_Stored data_
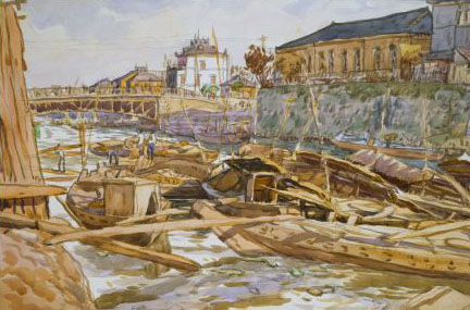 池田遙邨:(荷揚げする人) (1912-15)
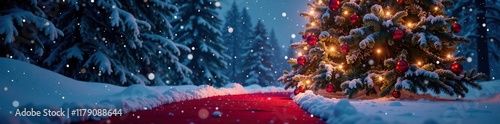 A red carpet flowing like a river through a winter wonderland scene, ending at a majestic Christmas tree with a sparkling star on top, sparkle, holiday cheer
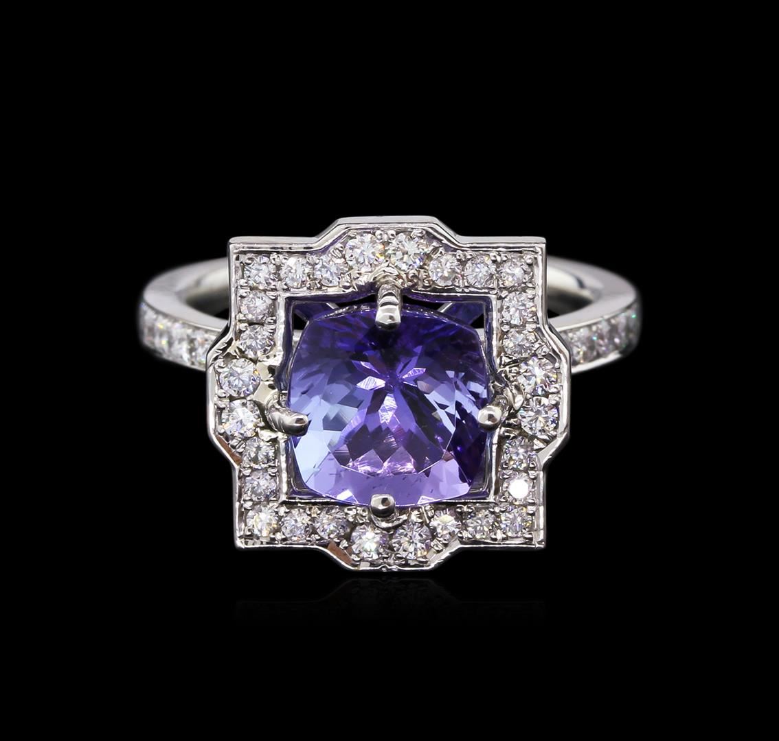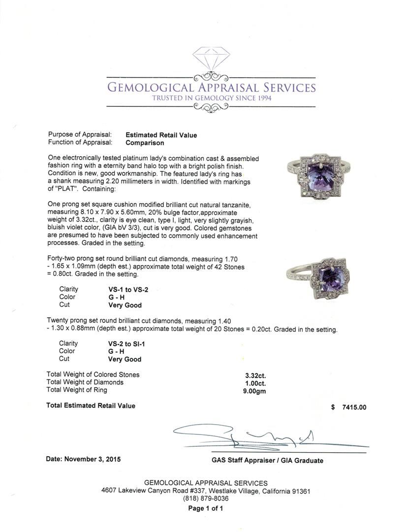 One electronically tested platinum lady's combination cast & assembled fashion ring with a eternity band halo top with a bright polish finish. The featured lady's ring has a shank measuring 2.20 millimeters in width. Identified with markings of "PLAT". Condition is new, good workmanship. Containing: One prong set square cushion modified brilliant cut natural tanzanite, measuring 8.10 x 7.90 x 5.60mm, 20% bulge factor, approximate weight of 3.32ct., clarity is eye clean, type I, light, very slightly grayish, bluish violet color, (GIA bV 3/3), cut is very good. Colored gemstones are presumed to have been subjected to commonly used enhancement processes. Graded in the setting. Forty-Two prong set round brilliant cut diamonds, measuring 1.70 - 1.65 x 1.09mm (depth est.) approximate total weight of 42 Stones = 0.80ct. Graded in the setting. Clarity: VS-1 to VS-2. Color: G - Very Good Twenty prong set round brilliant cut diamonds, measuring 1.40 - 1.30 x 0.88mm (depth est.) approximate total weight of 20 Stones = 0.20ct. Graded in the setting. Clarity: VS-2 to SI-1. Color: G - Very Good. Total Weight of Colored Stones 3.32ct. Total Weight of Diamonds 1.00ct. Total Weight of Ring 9.00gm GAS Appraised at $7,415.00.
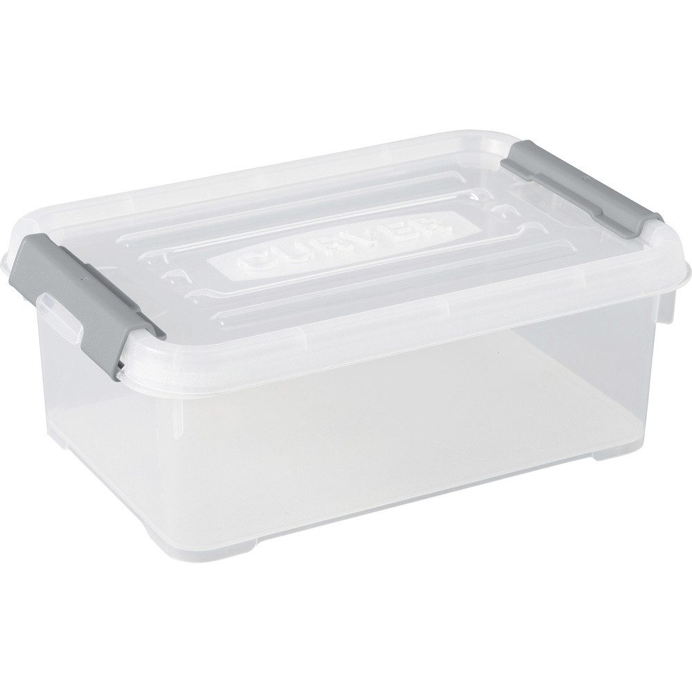 Transparente Allzweckbox mit Deckel und seitlichen Clip-Verschlüssen, nestbar
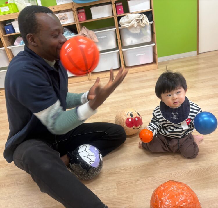 カラフルなボールをつかんだり転がしたり、やりとりを楽しむ子どもたち。
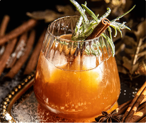 Adaugă crenguţa de rozmarin în shaker şi zdrobeşte-o uşor pentru a elibera uleiurile aromatice. Apoi toarnă în shaker toate celelalte ingrediente, adaugă gheaţă şi agită energic. Strecoară băutura într-un pahar cu gheaţă, apoi decorează cu rozmarinul, o felie de coajă de portocală şi un praf de scorțișoară.
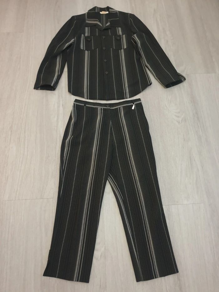 Ensemble taille 42 en parfait état mais prévoir de recoudre un bouton manquant en bas du pantalon (voir photo - ne se voit pas porté) ⭐
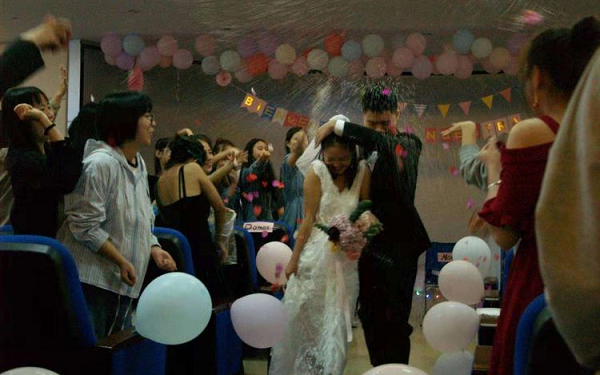 仪式首先是新郎挽着妈妈进场,然后新娘挽着爸爸进场。之后是主持人、新郎父母、新娘父母、伴娘伴郎代表等等轮流讲话。
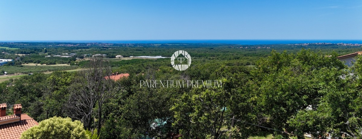 A building plot is for sale in a peaceful location near Poreč, ideal for the construction of a modern semi-detached villa. The plot is of regular shape, with a total area of 602 m², and is situated on elevated ground offering an open view of the sea.
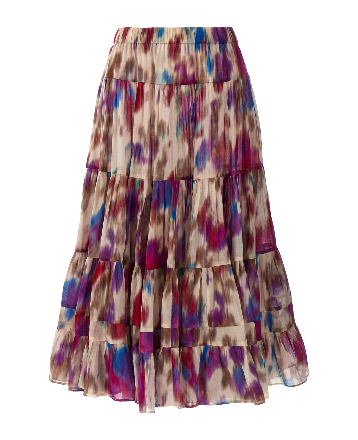'Elfa' midi skirt in flounced printed cotton with elastic waistband.
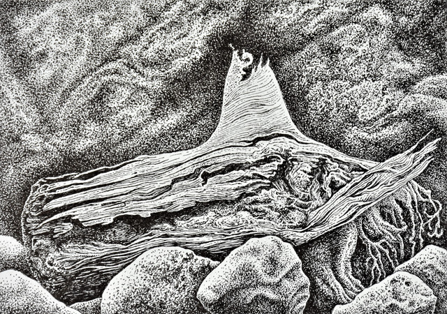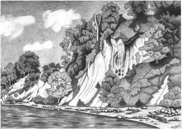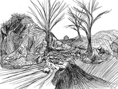 A mindscape, symbolizing human life as a process in time and space. On the river bank I have placed a big mindstone, symbolizing my actual state of mind in relation to this process. A lot of turbulent things have happened during my lifetime, which my drawing expresses by the storm damaged trees and bushes by the riverside. The worn, but resistant mind stone shows the relative permanence of man’s intellect and spiritual capacity meeting the destructive powers of nature.
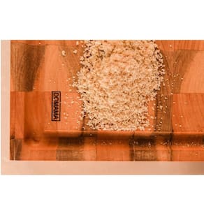 Material: Madeira de alta qualidade Dimensões: 40 cm (largura) x 30 cm (comprimento) Espessura: 40 mm Design: Tábua invertida para coletar sucos e manter a carne suculenta
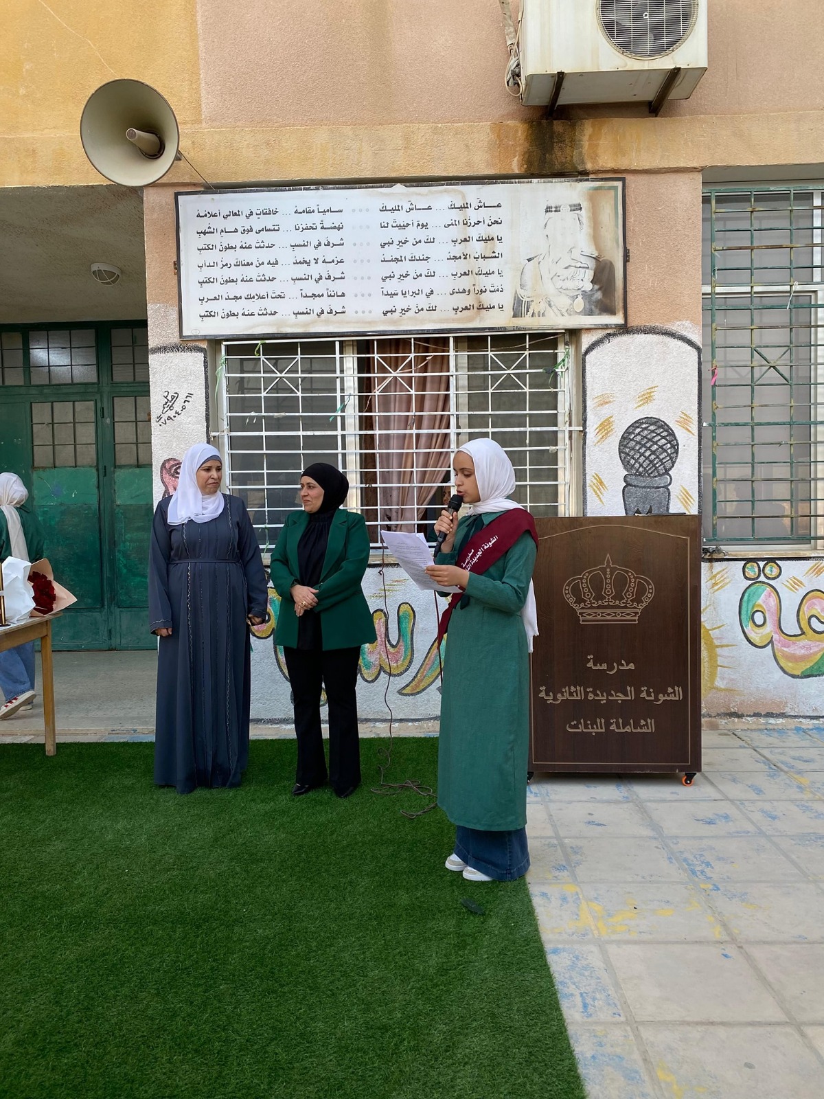 وتضمّن برنامج الحفل إذاعة مدرسية متميّزة قدّمها طلبة المدرسة، تضمّنت كلمات معبّرة عن فضل المعلم وتقدير جهوده. بعد ذلك، كرّمت العدوان، ترافقها مديرة المدرسة الفاضلة إنعام أبو طماعة، الهيئة التدريسية تقديرًا لمسيرتهن التعليمية وعطائهن الدؤوب.
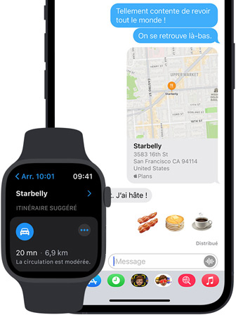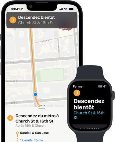 Profitez d’une expérience fluide et ininterrompue sur tous les appareils Apple que vous utilisez pour vous déplacer. Les retours haptiques de l’Apple Watch vous poussent dans la bonne direction et vous évitent de devoir sortir votre iPhone lorsque vous êtes à pied. Sur Mac, les alertes de Calendrier vous indiquent quand il est l’heure d’arrêter de travailler et de partir. Une simple demande, et le HomePod trouve votre itinéraire pour l’envoyer sur votre iPhone quand vous quittez la maison. Enfin, Plans se synchronise automatiquement avec Siri, Spotlight, Messages et Météo pour vous donner des informations pertinentes au moment où vous en avez le plus besoin.
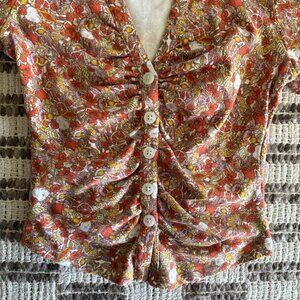 Maeve Anthropologie Womens Ruched Citrus Fruit Button Up Top Size S Orange Artsy

_Problem to solve_
What you return must be every entry, word for word, without any pictures.

_Worked solution_
 池田遙邨:(荷揚げする人) (1912-15)
 A red carpet flowing like a river through a winter wonderland scene, ending at a majestic Christmas tree with a sparkling star on top, sparkle, holiday cheer
 One electronically tested platinum lady's combination cast & assembled fashion ring with a eternity band halo top with a bright polish finish. The featured lady's ring has a shank measuring 2.20 millimeters in width. Identified with markings of "PLAT". Condition is new, good workmanship. Containing: One prong set square cushion modified brilliant cut natural tanzanite, measuring 8.10 x 7.90 x 5.60mm, 20% bulge factor, approximate weight of 3.32ct., clarity is eye clean, type I, light, very slightly grayish, bluish violet color, (GIA bV 3/3), cut is very good. Colored gemstones are presumed to have been subjected to commonly used enhancement processes. Graded in the setting. Forty-Two prong set round brilliant cut diamonds, measuring 1.70 - 1.65 x 1.09mm (depth est.) approximate total weight of 42 Stones = 0.80ct. Graded in the setting. Clarity: VS-1 to VS-2. Color: G - Very Good Twenty prong set round brilliant cut diamonds, measuring 1.40 - 1.30 x 0.88mm (depth est.) approximate total weight of 20 Stones = 0.20ct. Graded in the setting. Clarity: VS-2 to SI-1. Color: G - Very Good. Total Weight of Colored Stones 3.32ct. Total Weight of Diamonds 1.00ct. Total Weight of Ring 9.00gm GAS Appraised at $7,415.00.
 Transparente Allzweckbox mit Deckel und seitlichen Clip-Verschlüssen, nestbar
 カラフルなボールをつかんだり転がしたり、やりとりを楽しむ子どもたち。
 Adaugă crenguţa de rozmarin în shaker şi zdrobeşte-o uşor pentru a elibera uleiurile aromatice. Apoi toarnă în shaker toate celelalte ingrediente, adaugă gheaţă şi agită energic. Strecoară băutura într-un pahar cu gheaţă, apoi decorează cu rozmarinul, o felie de coajă de portocală şi un praf de scorțișoară.
 Ensemble taille 42 en parfait état mais prévoir de recoudre un bouton manquant en bas du pantalon (voir photo - ne se voit pas porté) ⭐
 仪式首先是新郎挽着妈妈进场,然后新娘挽着爸爸进场。之后是主持人、新郎父母、新娘父母、伴娘伴郎代表等等轮流讲话。
 A building plot is for sale in a peaceful location near Poreč, ideal for the construction of a modern semi-detached villa. The plot is of regular shape, with a total area of 602 m², and is situated on elevated ground offering an open view of the sea.
'Elfa' midi skirt in flounced printed cotton with elastic waistband.
 A mindscape, symbolizing human life as a process in time and space. On the river bank I have placed a big mindstone, symbolizing my actual state of mind in relation to this process. A lot of turbulent things have happened during my lifetime, which my drawing expresses by the storm damaged trees and bushes by the riverside. The worn, but resistant mind stone shows the relative permanence of man’s intellect and spiritual capacity meeting the destructive powers of nature.
 Material: Madeira de alta qualidade Dimensões: 40 cm (largura) x 30 cm (comprimento) Espessura: 40 mm Design: Tábua invertida para coletar sucos e manter a carne suculenta
 وتضمّن برنامج الحفل إذاعة مدرسية متميّزة قدّمها طلبة المدرسة، تضمّنت كلمات معبّرة عن فضل المعلم وتقدير جهوده. بعد ذلك، كرّمت العدوان، ترافقها مديرة المدرسة الفاضلة إنعام أبو طماعة، الهيئة التدريسية تقديرًا لمسيرتهن التعليمية وعطائهن الدؤوب.
 Profitez d’une expérience fluide et ininterrompue sur tous les appareils Apple que vous utilisez pour vous déplacer. Les retours haptiques de l’Apple Watch vous poussent dans la bonne direction et vous évitent de devoir sortir votre iPhone lorsque vous êtes à pied. Sur Mac, les alertes de Calendrier vous indiquent quand il est l’heure d’arrêter de travailler et de partir. Une simple demande, et le HomePod trouve votre itinéraire pour l’envoyer sur votre iPhone quand vous quittez la maison. Enfin, Plans se synchronise automatiquement avec Siri, Spotlight, Messages et Météo pour vous donner des informations pertinentes au moment où vous en avez le plus besoin.
 Maeve Anthropologie Womens Ruched Citrus Fruit Button Up Top Size S Orange Artsy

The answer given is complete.